• What is required:
Every entry must be echoed exactly.

** Opening Records for the task block **

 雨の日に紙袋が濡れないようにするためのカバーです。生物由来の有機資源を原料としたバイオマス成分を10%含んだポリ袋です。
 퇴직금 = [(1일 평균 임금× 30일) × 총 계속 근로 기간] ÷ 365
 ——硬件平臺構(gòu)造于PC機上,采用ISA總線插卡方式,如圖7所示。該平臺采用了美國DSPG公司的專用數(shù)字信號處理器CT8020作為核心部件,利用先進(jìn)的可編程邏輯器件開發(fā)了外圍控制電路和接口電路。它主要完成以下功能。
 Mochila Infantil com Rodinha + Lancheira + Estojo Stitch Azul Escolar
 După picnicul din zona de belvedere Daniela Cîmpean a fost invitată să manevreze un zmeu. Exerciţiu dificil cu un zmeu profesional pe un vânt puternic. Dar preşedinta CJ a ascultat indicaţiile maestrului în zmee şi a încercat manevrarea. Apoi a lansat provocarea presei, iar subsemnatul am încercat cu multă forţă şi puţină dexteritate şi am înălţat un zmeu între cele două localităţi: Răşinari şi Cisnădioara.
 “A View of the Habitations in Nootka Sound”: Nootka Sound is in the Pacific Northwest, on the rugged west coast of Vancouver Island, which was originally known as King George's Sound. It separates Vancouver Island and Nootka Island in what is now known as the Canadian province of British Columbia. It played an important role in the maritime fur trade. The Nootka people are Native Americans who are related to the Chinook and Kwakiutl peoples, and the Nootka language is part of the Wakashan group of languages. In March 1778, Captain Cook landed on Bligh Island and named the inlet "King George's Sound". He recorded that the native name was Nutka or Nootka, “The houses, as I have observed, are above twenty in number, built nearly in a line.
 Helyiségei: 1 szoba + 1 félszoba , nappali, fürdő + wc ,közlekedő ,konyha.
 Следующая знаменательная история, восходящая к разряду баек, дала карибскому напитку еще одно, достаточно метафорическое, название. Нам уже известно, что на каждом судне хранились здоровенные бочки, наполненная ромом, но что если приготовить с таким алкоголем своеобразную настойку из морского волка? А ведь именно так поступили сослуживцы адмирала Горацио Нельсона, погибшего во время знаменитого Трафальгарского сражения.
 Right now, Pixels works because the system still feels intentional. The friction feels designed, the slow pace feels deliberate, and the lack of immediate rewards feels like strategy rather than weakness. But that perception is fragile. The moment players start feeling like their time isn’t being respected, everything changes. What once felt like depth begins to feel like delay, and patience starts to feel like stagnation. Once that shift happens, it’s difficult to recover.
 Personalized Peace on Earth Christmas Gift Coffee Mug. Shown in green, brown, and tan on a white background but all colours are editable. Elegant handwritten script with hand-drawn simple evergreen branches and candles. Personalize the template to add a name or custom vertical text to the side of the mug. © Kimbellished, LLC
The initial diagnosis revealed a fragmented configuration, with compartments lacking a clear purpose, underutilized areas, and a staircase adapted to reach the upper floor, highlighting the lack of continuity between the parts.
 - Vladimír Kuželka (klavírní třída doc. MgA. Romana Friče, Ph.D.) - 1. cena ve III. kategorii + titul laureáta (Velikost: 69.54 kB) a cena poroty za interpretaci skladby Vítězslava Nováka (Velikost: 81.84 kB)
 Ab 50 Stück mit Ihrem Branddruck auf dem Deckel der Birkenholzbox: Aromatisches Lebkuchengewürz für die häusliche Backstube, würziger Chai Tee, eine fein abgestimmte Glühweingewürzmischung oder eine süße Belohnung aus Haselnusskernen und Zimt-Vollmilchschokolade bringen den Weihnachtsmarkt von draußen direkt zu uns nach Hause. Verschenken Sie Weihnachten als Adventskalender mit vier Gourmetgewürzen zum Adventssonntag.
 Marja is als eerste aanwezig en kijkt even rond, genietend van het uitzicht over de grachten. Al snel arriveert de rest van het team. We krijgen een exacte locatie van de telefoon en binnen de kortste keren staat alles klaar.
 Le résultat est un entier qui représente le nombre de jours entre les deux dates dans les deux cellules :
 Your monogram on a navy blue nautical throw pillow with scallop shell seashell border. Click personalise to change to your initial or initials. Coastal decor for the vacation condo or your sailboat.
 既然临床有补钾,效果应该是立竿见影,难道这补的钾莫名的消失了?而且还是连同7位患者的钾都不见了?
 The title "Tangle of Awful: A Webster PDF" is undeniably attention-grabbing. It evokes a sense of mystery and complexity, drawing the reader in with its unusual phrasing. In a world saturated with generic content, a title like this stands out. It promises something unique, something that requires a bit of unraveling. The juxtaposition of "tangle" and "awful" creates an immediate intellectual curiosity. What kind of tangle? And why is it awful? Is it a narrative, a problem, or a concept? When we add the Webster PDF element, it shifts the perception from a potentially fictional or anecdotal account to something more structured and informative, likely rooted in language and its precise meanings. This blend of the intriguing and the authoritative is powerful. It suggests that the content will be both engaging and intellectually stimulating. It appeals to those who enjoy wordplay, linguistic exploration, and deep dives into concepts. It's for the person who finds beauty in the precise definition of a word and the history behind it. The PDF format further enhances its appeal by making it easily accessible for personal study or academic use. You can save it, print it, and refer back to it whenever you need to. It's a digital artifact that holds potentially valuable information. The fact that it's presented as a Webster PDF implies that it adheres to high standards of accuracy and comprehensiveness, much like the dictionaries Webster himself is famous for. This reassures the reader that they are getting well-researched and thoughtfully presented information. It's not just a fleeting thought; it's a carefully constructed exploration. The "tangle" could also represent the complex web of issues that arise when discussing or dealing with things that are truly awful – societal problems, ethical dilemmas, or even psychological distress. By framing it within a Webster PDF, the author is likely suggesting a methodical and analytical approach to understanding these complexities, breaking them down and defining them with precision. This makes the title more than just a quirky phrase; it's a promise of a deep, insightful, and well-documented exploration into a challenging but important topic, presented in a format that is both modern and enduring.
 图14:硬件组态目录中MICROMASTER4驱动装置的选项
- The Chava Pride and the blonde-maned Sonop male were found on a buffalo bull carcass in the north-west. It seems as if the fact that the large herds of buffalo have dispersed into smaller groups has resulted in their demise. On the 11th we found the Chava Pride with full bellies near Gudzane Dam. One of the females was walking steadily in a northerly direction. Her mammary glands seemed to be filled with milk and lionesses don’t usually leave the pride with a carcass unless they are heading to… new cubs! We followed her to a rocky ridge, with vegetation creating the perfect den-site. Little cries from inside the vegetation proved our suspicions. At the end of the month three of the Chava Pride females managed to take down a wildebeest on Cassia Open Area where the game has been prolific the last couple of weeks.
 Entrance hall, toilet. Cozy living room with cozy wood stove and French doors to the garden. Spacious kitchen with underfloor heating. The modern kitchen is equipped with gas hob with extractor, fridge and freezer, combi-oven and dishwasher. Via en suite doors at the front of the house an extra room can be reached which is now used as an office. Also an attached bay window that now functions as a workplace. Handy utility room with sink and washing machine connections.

** Closing Records for the task block **

• Solution to the problem:
 雨の日に紙袋が濡れないようにするためのカバーです。生物由来の有機資源を原料としたバイオマス成分を10%含んだポリ袋です。
 퇴직금 = [(1일 평균 임금× 30일) × 총 계속 근로 기간] ÷ 365
 ——硬件平臺構(gòu)造于PC機上,采用ISA總線插卡方式,如圖7所示。該平臺采用了美國DSPG公司的專用數(shù)字信號處理器CT8020作為核心部件,利用先進(jìn)的可編程邏輯器件開發(fā)了外圍控制電路和接口電路。它主要完成以下功能。
 Mochila Infantil com Rodinha + Lancheira + Estojo Stitch Azul Escolar
 După picnicul din zona de belvedere Daniela Cîmpean a fost invitată să manevreze un zmeu. Exerciţiu dificil cu un zmeu profesional pe un vânt puternic. Dar preşedinta CJ a ascultat indicaţiile maestrului în zmee şi a încercat manevrarea. Apoi a lansat provocarea presei, iar subsemnatul am încercat cu multă forţă şi puţină dexteritate şi am înălţat un zmeu între cele două localităţi: Răşinari şi Cisnădioara.
 “A View of the Habitations in Nootka Sound”: Nootka Sound is in the Pacific Northwest, on the rugged west coast of Vancouver Island, which was originally known as King George's Sound. It separates Vancouver Island and Nootka Island in what is now known as the Canadian province of British Columbia. It played an important role in the maritime fur trade. The Nootka people are Native Americans who are related to the Chinook and Kwakiutl peoples, and the Nootka language is part of the Wakashan group of languages. In March 1778, Captain Cook landed on Bligh Island and named the inlet "King George's Sound". He recorded that the native name was Nutka or Nootka, “The houses, as I have observed, are above twenty in number, built nearly in a line.
 Helyiségei: 1 szoba + 1 félszoba , nappali, fürdő + wc ,közlekedő ,konyha.
 Следующая знаменательная история, восходящая к разряду баек, дала карибскому напитку еще одно, достаточно метафорическое, название. Нам уже известно, что на каждом судне хранились здоровенные бочки, наполненная ромом, но что если приготовить с таким алкоголем своеобразную настойку из морского волка? А ведь именно так поступили сослуживцы адмирала Горацио Нельсона, погибшего во время знаменитого Трафальгарского сражения.
 Right now, Pixels works because the system still feels intentional. The friction feels designed, the slow pace feels deliberate, and the lack of immediate rewards feels like strategy rather than weakness. But that perception is fragile. The moment players start feeling like their time isn’t being respected, everything changes. What once felt like depth begins to feel like delay, and patience starts to feel like stagnation. Once that shift happens, it’s difficult to recover.
 Personalized Peace on Earth Christmas Gift Coffee Mug. Shown in green, brown, and tan on a white background but all colours are editable. Elegant handwritten script with hand-drawn simple evergreen branches and candles. Personalize the template to add a name or custom vertical text to the side of the mug. © Kimbellished, LLC
The initial diagnosis revealed a fragmented configuration, with compartments lacking a clear purpose, underutilized areas, and a staircase adapted to reach the upper floor, highlighting the lack of continuity between the parts.
 - Vladimír Kuželka (klavírní třída doc. MgA. Romana Friče, Ph.D.) - 1. cena ve III. kategorii + titul laureáta (Velikost: 69.54 kB) a cena poroty za interpretaci skladby Vítězslava Nováka (Velikost: 81.84 kB)
 Ab 50 Stück mit Ihrem Branddruck auf dem Deckel der Birkenholzbox: Aromatisches Lebkuchengewürz für die häusliche Backstube, würziger Chai Tee, eine fein abgestimmte Glühweingewürzmischung oder eine süße Belohnung aus Haselnusskernen und Zimt-Vollmilchschokolade bringen den Weihnachtsmarkt von draußen direkt zu uns nach Hause. Verschenken Sie Weihnachten als Adventskalender mit vier Gourmetgewürzen zum Adventssonntag.
 Marja is als eerste aanwezig en kijkt even rond, genietend van het uitzicht over de grachten. Al snel arriveert de rest van het team. We krijgen een exacte locatie van de telefoon en binnen de kortste keren staat alles klaar.
 Le résultat est un entier qui représente le nombre de jours entre les deux dates dans les deux cellules :
 Your monogram on a navy blue nautical throw pillow with scallop shell seashell border. Click personalise to change to your initial or initials. Coastal decor for the vacation condo or your sailboat.
 既然临床有补钾,效果应该是立竿见影,难道这补的钾莫名的消失了?而且还是连同7位患者的钾都不见了?
 The title "Tangle of Awful: A Webster PDF" is undeniably attention-grabbing. It evokes a sense of mystery and complexity, drawing the reader in with its unusual phrasing. In a world saturated with generic content, a title like this stands out. It promises something unique, something that requires a bit of unraveling. The juxtaposition of "tangle" and "awful" creates an immediate intellectual curiosity. What kind of tangle? And why is it awful? Is it a narrative, a problem, or a concept? When we add the Webster PDF element, it shifts the perception from a potentially fictional or anecdotal account to something more structured and informative, likely rooted in language and its precise meanings. This blend of the intriguing and the authoritative is powerful. It suggests that the content will be both engaging and intellectually stimulating. It appeals to those who enjoy wordplay, linguistic exploration, and deep dives into concepts. It's for the person who finds beauty in the precise definition of a word and the history behind it. The PDF format further enhances its appeal by making it easily accessible for personal study or academic use. You can save it, print it, and refer back to it whenever you need to. It's a digital artifact that holds potentially valuable information. The fact that it's presented as a Webster PDF implies that it adheres to high standards of accuracy and comprehensiveness, much like the dictionaries Webster himself is famous for. This reassures the reader that they are getting well-researched and thoughtfully presented information. It's not just a fleeting thought; it's a carefully constructed exploration. The "tangle" could also represent the complex web of issues that arise when discussing or dealing with things that are truly awful – societal problems, ethical dilemmas, or even psychological distress. By framing it within a Webster PDF, the author is likely suggesting a methodical and analytical approach to understanding these complexities, breaking them down and defining them with precision. This makes the title more than just a quirky phrase; it's a promise of a deep, insightful, and well-documented exploration into a challenging but important topic, presented in a format that is both modern and enduring.
 图14:硬件组态目录中MICROMASTER4驱动装置的选项
- The Chava Pride and the blonde-maned Sonop male were found on a buffalo bull carcass in the north-west. It seems as if the fact that the large herds of buffalo have dispersed into smaller groups has resulted in their demise. On the 11th we found the Chava Pride with full bellies near Gudzane Dam. One of the females was walking steadily in a northerly direction. Her mammary glands seemed to be filled with milk and lionesses don’t usually leave the pride with a carcass unless they are heading to… new cubs! We followed her to a rocky ridge, with vegetation creating the perfect den-site. Little cries from inside the vegetation proved our suspicions. At the end of the month three of the Chava Pride females managed to take down a wildebeest on Cassia Open Area where the game has been prolific the last couple of weeks.
 Entrance hall, toilet. Cozy living room with cozy wood stove and French doors to the garden. Spacious kitchen with underfloor heating. The modern kitchen is equipped with gas hob with extractor, fridge and freezer, combi-oven and dishwasher. Via en suite doors at the front of the house an extra room can be reached which is now used as an office. Also an attached bay window that now functions as a workplace. Handy utility room with sink and washing machine connections.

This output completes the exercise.